+++ EXERCISE DATA

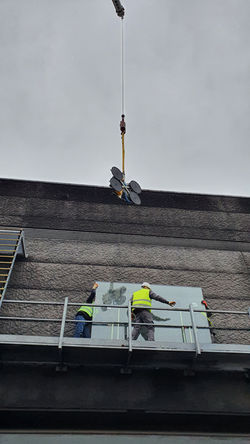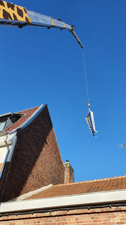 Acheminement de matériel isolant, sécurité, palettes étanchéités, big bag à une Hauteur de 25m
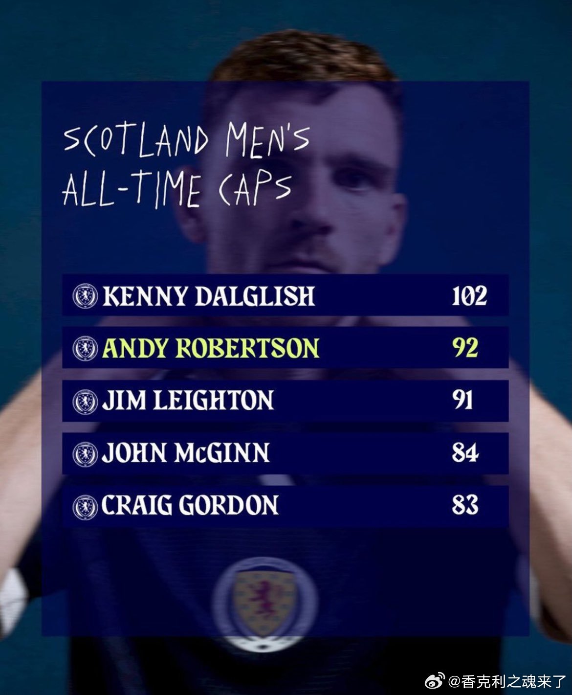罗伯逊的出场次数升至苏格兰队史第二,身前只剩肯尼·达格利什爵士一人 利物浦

++++++
+++ EXERCISE DATA

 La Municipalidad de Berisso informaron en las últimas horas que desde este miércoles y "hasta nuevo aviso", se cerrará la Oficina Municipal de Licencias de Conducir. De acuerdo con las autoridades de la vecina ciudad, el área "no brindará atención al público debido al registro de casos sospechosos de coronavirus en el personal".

++++++

_WHAT THIS TASK INVOLVES:_
Though the entries above contain pictures, none should be copied; reproduce only the lines between the one holding "Acheminement de matériel" and the one holding "罗伯逊的出场次数升至苏格兰队史第二,身前只剩肯尼·达格利什爵士一人 利物浦", inclusive, exactly as written.

_TASK SOLUTION:_
 Acheminement de matériel isolant, sécurité, palettes étanchéités, big bag à une Hauteur de 25m
罗伯逊的出场次数升至苏格兰队史第二,身前只剩肯尼·达格利什爵士一人 利物浦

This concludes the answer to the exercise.